CORAL Corpus
From HLT@INESC-ID
The CORAL corpus was collected in the framework of a national project sponsored by the PRAXIS XXI program, by a consortium formed by INESC, CLUL, FLUL (Faculdade de Letras da Universidade de Lisboa), and FCSH-UNL (Faculdade de Ciências Sociais e Humanas da Universidade Nova de Lisboa). The purpose of this project is the collection of a spoken dialogue corpus, with several levels of labelling: orthographic, phonetic, phonological, syntactic and semantic.
Linguistic Contents
64 dialogues about a predetermined subject: maps. One of the participants (giver) has a map with some landmarks and a route drawn between them; the other (follower) has also landmarks, but no route and consequently must reconstruct it. In order to elicit conversation, there are small differences between the two maps: one of the landmarks is duplicated in one map and single in the other; some landmarks are only present in one of the maps; and some have slightly different names in the two maps (e.g. curvas perigosas vs. troço sinuoso). In the 16 different maps, the names of the landmarks were chosen to allow the study of some connected speech phenomena:
- Sequences with /l/ favouring or not its velarization (e.g. sala malva, sal amargo)
- Sequences with /s/ in word final position followed by another coronal fricative (e.g. barcos salva-vidas)
- Sequences of plosives formed across word boundaries (e.g. clube de tiro)
- Sequences of obstruents formed within and across word boundaries (e.g. bairros degradados)
The last three items were designed to allow a more comprehensive study of consonant clusters formed within and across word boundaries and should, therefore, be jointly investigated.

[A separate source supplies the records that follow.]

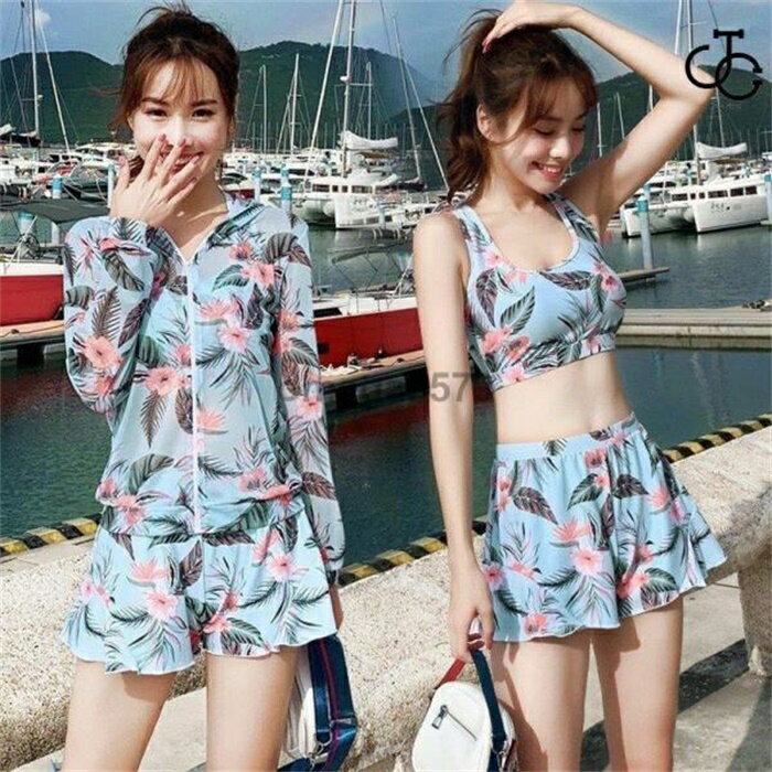 - 水着 レディース ビキニ 4点セット パーカー ショート丈 花柄 ラッシュガード 長袖...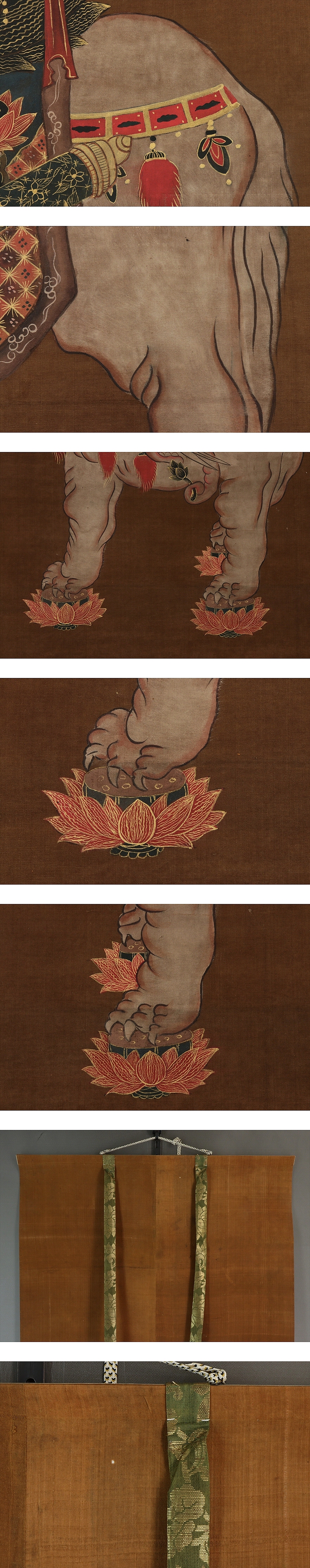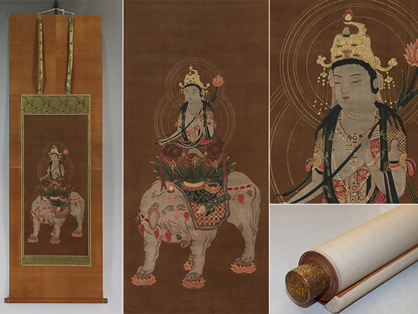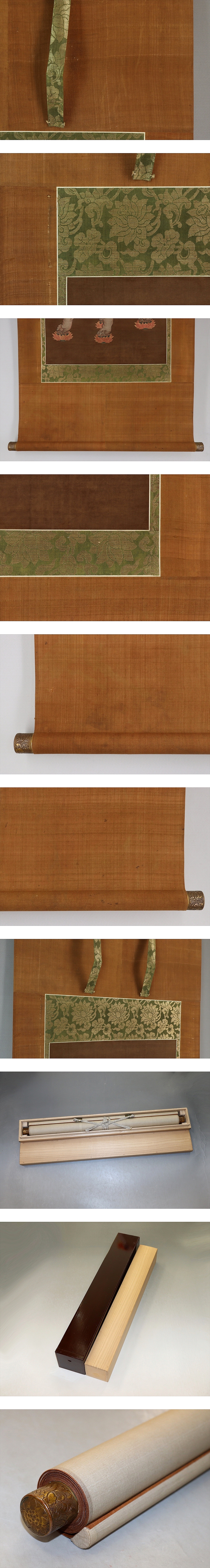 | №2203061【肉筆】古仏画【文殊菩薩】◆絹本◆合箱◆二重箱◆時代表具改装済◆掛軸 | |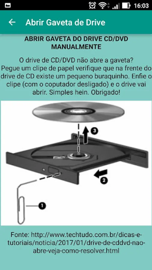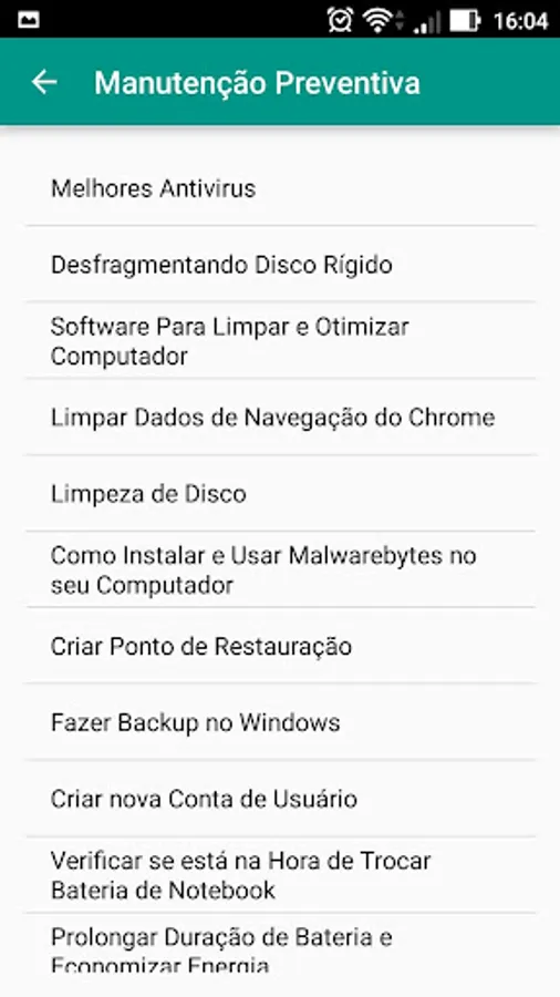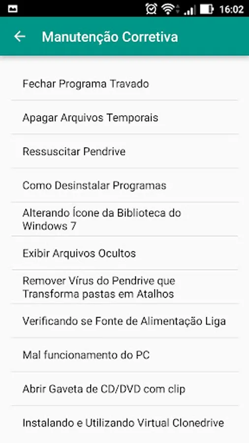 This application aims to help personal computer users to solve common daily problems. In addition, this application presents options Corrective and Preventive solutions for maintenance. This application was developed by students of UFPA's information systems during the course of III Extension activities. This application is linked to the Extension Project "Application Development for Mobile Phones: Workshop for Students Public Network Cametá, UFPA PIBEX 2015".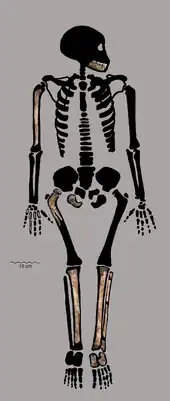 H. naledi was a biped and stood upright.[6] Like other Homo, they had strong insertion for the gluteus muscles, well-defined linea aspera (a ridge running down the back of the femur), thick patellae, long tibiae, and gracile fibulae. These indicate that they were capable of long-distance travel.[25] The H. naledi foot was similar to that of modern humans and other Homo, with adaptations for bipedalism and a humanlike gait. The heel bone has a low orientation, comparable to those of non-human great apes, and the ankle bone has a low declination, which possibly indicate the foot would have been subtly stiffer during the stance phase of walking before the foot pushed off the ground.[27]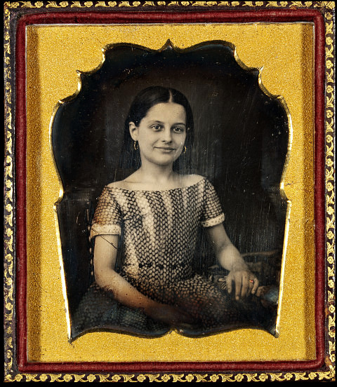 Daguerreotype featuring the portrait of a young girl, wearing her hair loose and hoop earrings. Cased in papier-maché (no lid)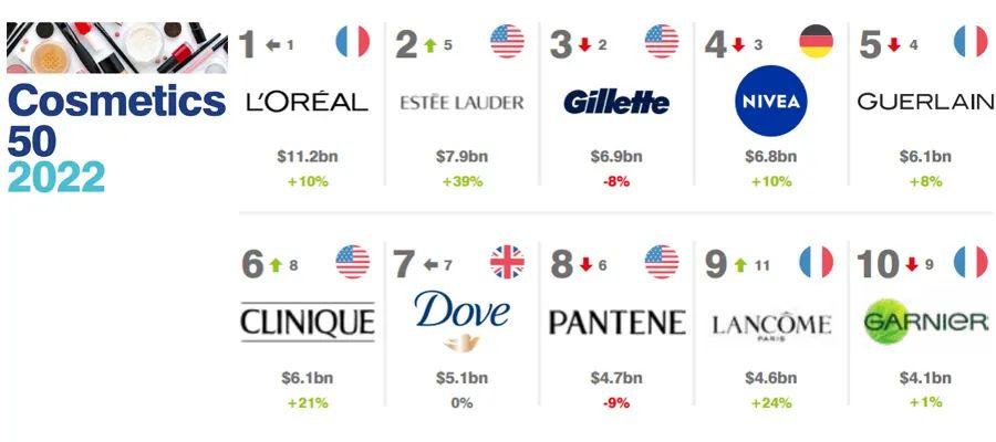 英国品牌评估机构品牌金融(Brand Finance)发布2022全球化妆品和个人护理品牌价值50强排行榜(Cosmetics 50 2022)。欧莱雅、雅诗兰黛和吉列排名前三位。50个品牌总价值为1307亿美元。美国宝洁公司、英国联合利华集团和法国欧莱雅集团的品牌上榜最多。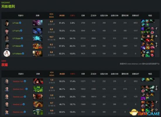 从BP开始双方就斗智斗勇,NB放出了夜魔和土猫在LFY选择了夜魔后自己前两手拿到了土猫和血魔,LFY则是在之后拿到了蚂蚁和美杜莎,NB没有办法最后一手祭出了火枪,从阵容上就可以看到LFY的头非常硬对面有血魔依旧拿出了蚂蚁。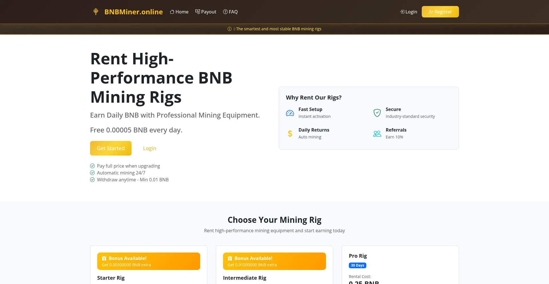 BNBMiner.online - Rent High-Performance BNB Mining Rigs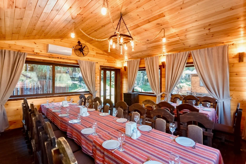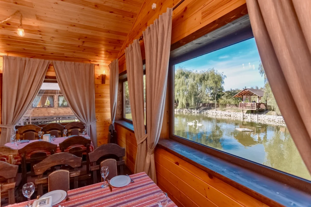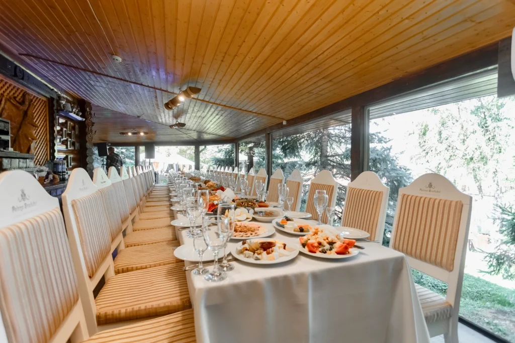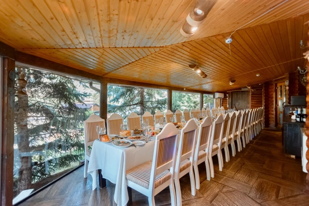 Элегантный и уютный зал с прямым видом на озеро Poiana Bradului. Подходит для небольших мероприятий: юбилеев, корпоративных вечеринок или приватных встреч. Естественное освещение и интерьер из дерева создают гармоничную и тёплую атмосферу.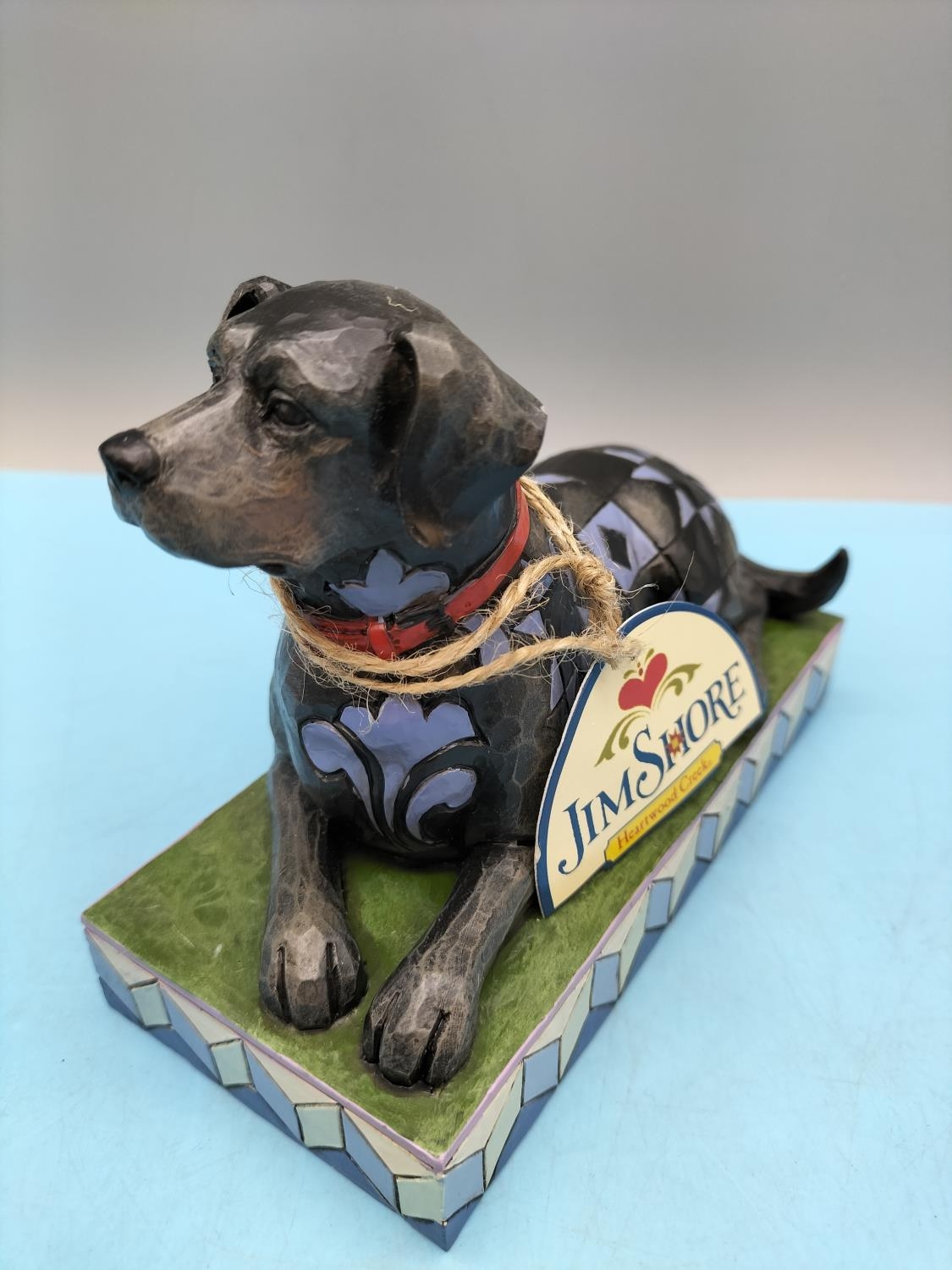 Boxed Jim Shore Heartwood Creek 'Onyx' Black Labrador Figure. 10cm x 14.5cm. Nip to Ear.

Number and Type of Speakers
The 32 speakers were divided into 8 quartets and, in each quartet, organized to take part in 8 dialogues. Given the reduced number of speakers, they were chosen to achieve an adequate balance of sexes, but were restricted in terms of age (under-graduate or graduate students) and accent (Lisbon area). Speakers were chosen in pairs who know each other, so that half of the conversations take place between "friends" and half between people who do not knew each other.
Data Collection
The recordings take place in a sound proof room, with no visual contact between the speakers. They wear close-talking microphones and the recordings are made in stereo directly to DAT and later down-sampled to 16 kHz per channel. No monitoring is done once the dialogues start, after adjusting recording levels.
Annotation
Only [orthographic transcription] was done for the whole corpus. A pilot recording was annotated in several levels.